Talking Tolkien: The Singularity of Vision in Tolkien’s Middle-Earth – By Gabe Dybing

Talking Tolkien took a break last week so my annual Summer Pulp series, A (Black) Gat in the Hand, could pop in. But we’re back to the Professor this week. Gabe Dybing and I talk about RPGing on the side – we even started a short-lived Conan campaign. So I was thrilled when I conned him into…I mean, he agreed to contributed a post on MERP. If you don’t know what MERP is, read-on. Those were some terrific RPG books.

 

I have decided to take “Discovering Tolkien,” the title of this series, as my means of entry into the subject. By doing so, I can only hope that I happen to make (if not “new”) interesting or sideways observations about Tolkien’s awe-inspiring achievement. And this approach moreover gives me the opportunity to address a subject that this series’s editor has wanted me to handle, which is the nature of Iron Crown Enterprises’s (I.C.E.’s) Middle-Earth Role Playing (MERP), specifically the 1987 edition that I purchased at Waldenbooks in the Eden Prairie Center in Eden Prairie, Minnesota, a game that, incidentally, also introduced me to roleplaying in general.

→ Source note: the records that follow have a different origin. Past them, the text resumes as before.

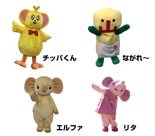御当地キャラクターのエルファ&リタ、チッパくん、ながれ~も参加するよ!
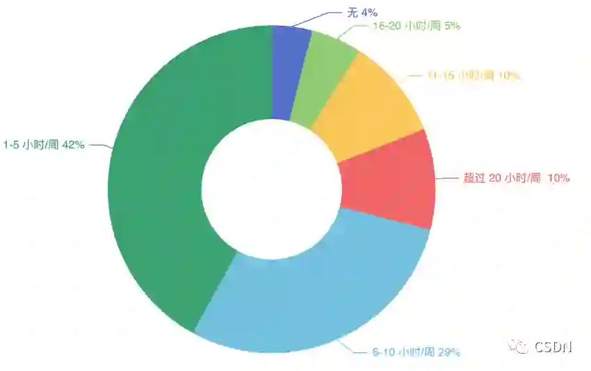 96% 的开发者每周都会保证一定的学习时间,其中学习 1-5 小时/周的占据 42%。另外仅有 4% 的受访者表示没有时间去充电学习。
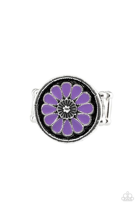 Brushed in an antiqued shimmer, vivacious purple petals spin into a whimsical floral pattern atop the finger. Features a stretchy band for a flexible fit.
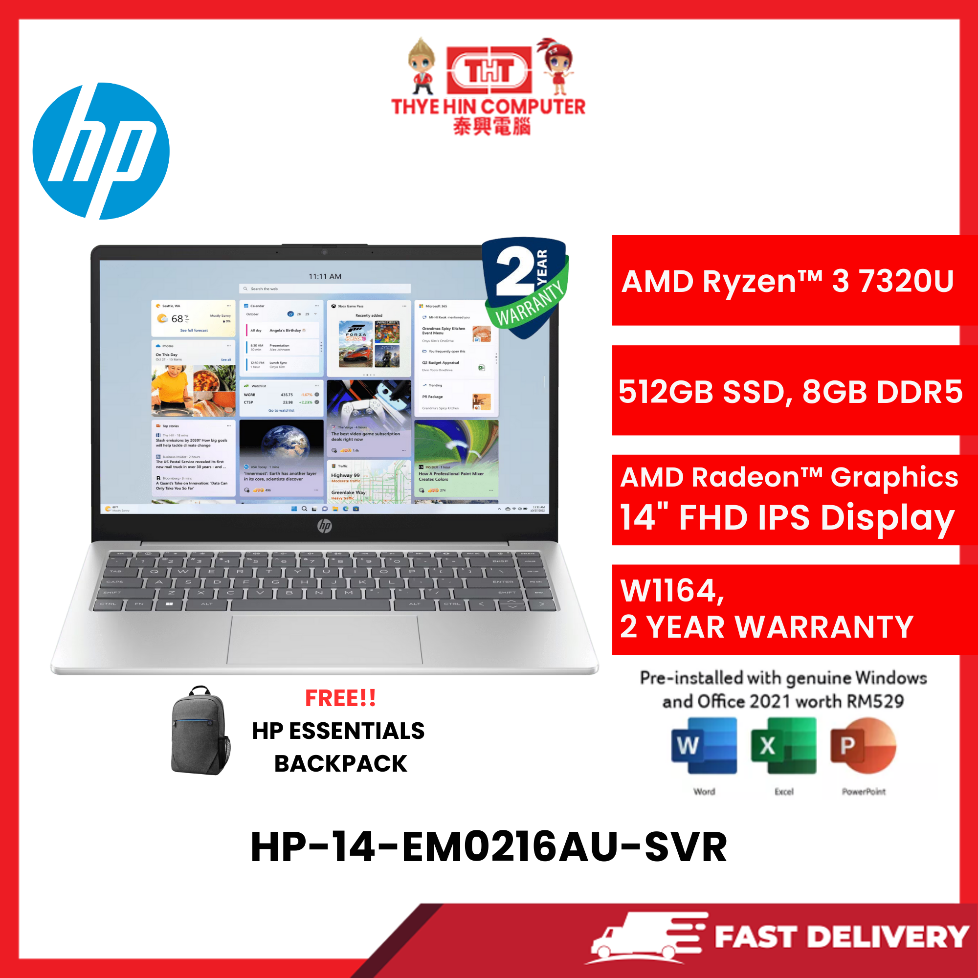 HP-14-EM0216AU-SVR-AMDRYZEN3-7320U,8GBR5(OB),512GBSSD,AMDRADEON,14"FHD,W1164,2YRS,H&S
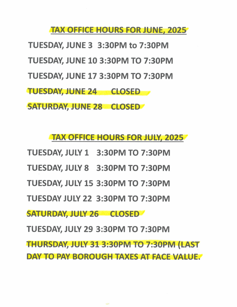 Tax Collector Hours June and July 2025
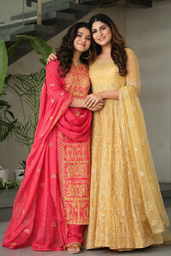 Choose Eid dresses in coordinated pastels or jewel tones — each sister can pick a silhouette that suits her while staying within the same palette.
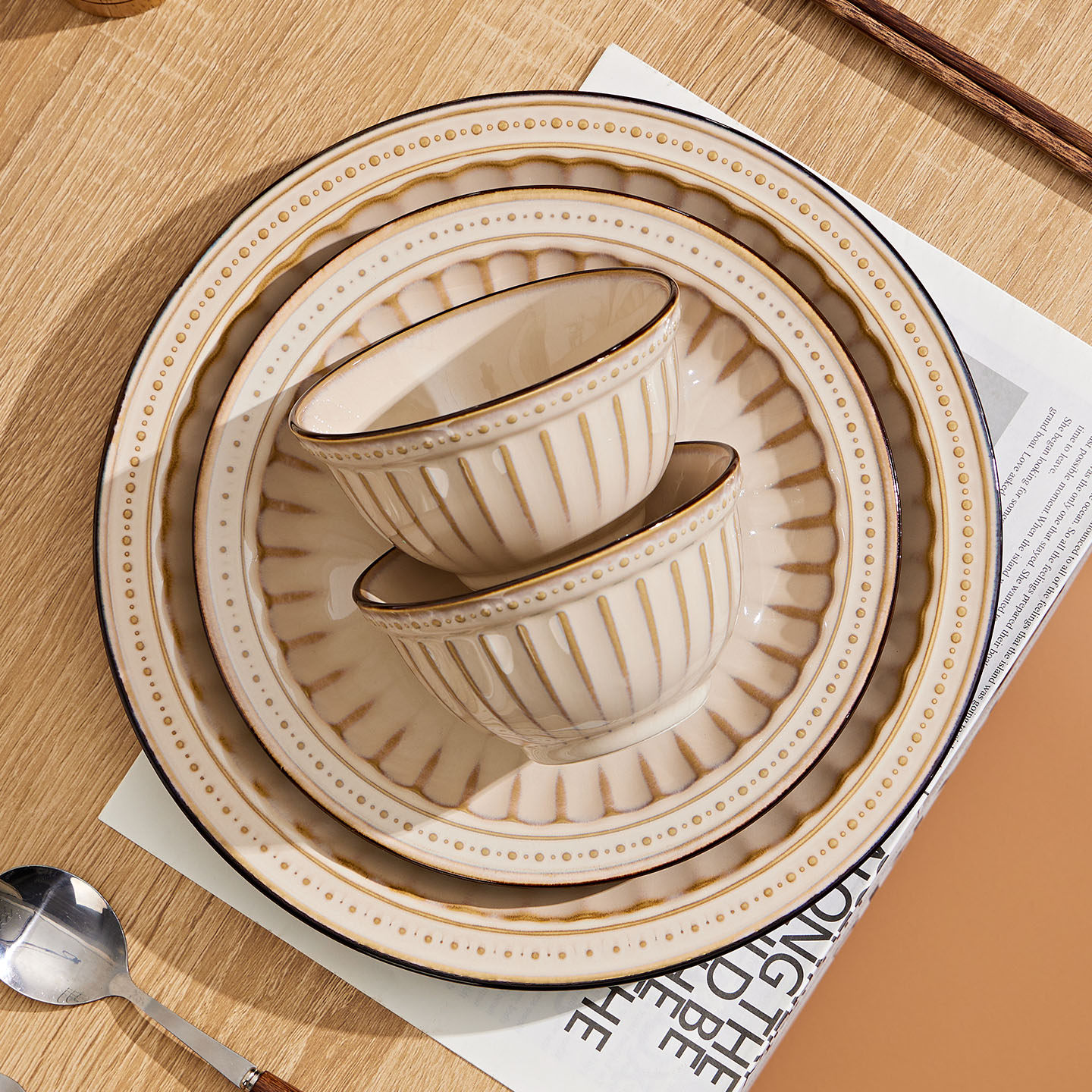 复古餐具套装家用2026新款碗盘套装家用乔迁搬家饭碗漂亮的碗碟具

Some may feel that I add too much detail, by citing precisely where I bought MERP, but I expect that I may find some sympathy with others who are perhaps about my own age – this year I am approaching age 48. These details, the milieu in which I discovered Tolkien, are inextricably bound together with the experiences of reading and re-reading this masterwork of English Language and Literature. They also inform the ways in which I continued and continue to explore this achievement through other media.

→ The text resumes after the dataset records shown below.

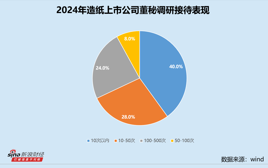 2024年,造纸上市公司接待调研未超过10次的董秘群体约占40%,其中恒丰纸业刘新欢、华泰股份任英祥、民丰特纸姚名欢、青山纸业潘其星和宜宾纸业(维权)幸志敏的接待次数为零。接待10-50次、50-100次、100-500次的董秘群体分别占比28.0%、24.0%、8.0%。民士达鞠成峰全年接待387次,平均每个工作日接待1-2次。
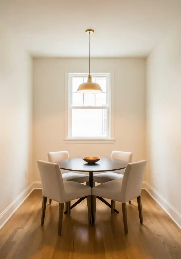 Warm white paint in a satin rather than matte finish creates a light-reflective quality across wall surfaces that increases a small dining room’s apparent luminosity by reflecting artificial and natural light around the room from every wall surface simultaneously. Matte paint absorbs light at the wall surface, while satin paint reflects it, creating a warmer and more luminous room experience from the same light sources. This increased apparent luminosity directly contributes to the spatial perception of generosity — brighter rooms feel larger, fresher, and more open than dimmer rooms at identical actual dimensions, making finish selection a genuinely meaningful spatial decision in small dining rooms.
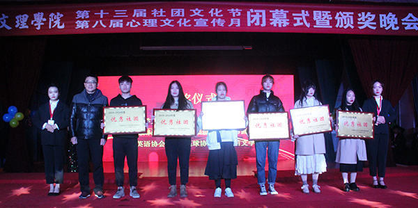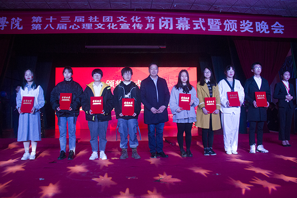 王文凯、朱继平、尹家经、康建虎、李琴、黄华依次上台为2018-2019学年三好学生、优秀学生干部、优秀班级体,以及在第十三届社团文化节、第八届心理文化宣传月中涌现出的优秀社团、优秀组织单位颁奖。
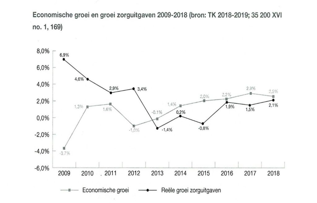 Ik illustreer dit met twee actuele beleidsvraagstukken. Ten eerste gaat de WRR in haar recente advies ervan uit, dat kostenbeheersing in de zorg niet is gelukt. Deze adviesraad schrijft: Al sinds de jaren zeventig groeien de zorguitgaven van de overheid gemiddeld genomen sneller dan ons totale inkomen. Wel nu, dat klopt niet met de conclusie in deel I dat in 2018 uitkwam en die in deel II dat na het WRR-advies verscheen. Daarmee valt een belangrijke pijler weg onder dit advies.
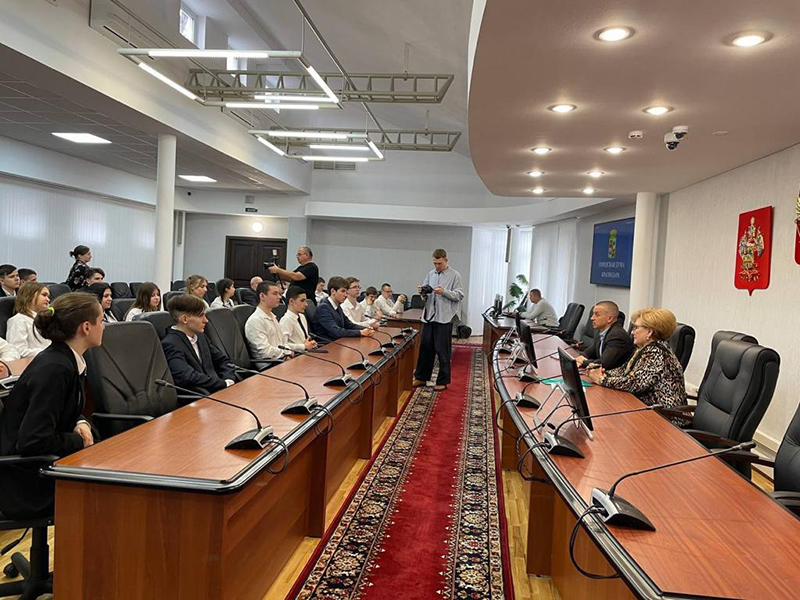 А в этот теперь ребята попали отправились на экскурсию в городскую Думу. Их встретила председатель Вера Федоровна Галушко. Она рассказала об истории городской Думы Краснодара, депутатской работе в округах, принимаемых думой решениях.

Let me pause for a moment on “incomparable.” I don’t want to be misunderstood: of course I can compare all manner of worlds and works to Tolkien’s Middle-earth, but, in my view, none will “measure up.” In many ways, my discovery of Tolkien in the fifth grade began a lifelong and – to this day – never ending quest to discover it again, and I don’t think I ever shall.

That’s not to say that some works haven’t come close. I don’t intend to be “critical” in this essay, so please let me deal glancingly with the productions that most obviously were meant to imitate Tolkien.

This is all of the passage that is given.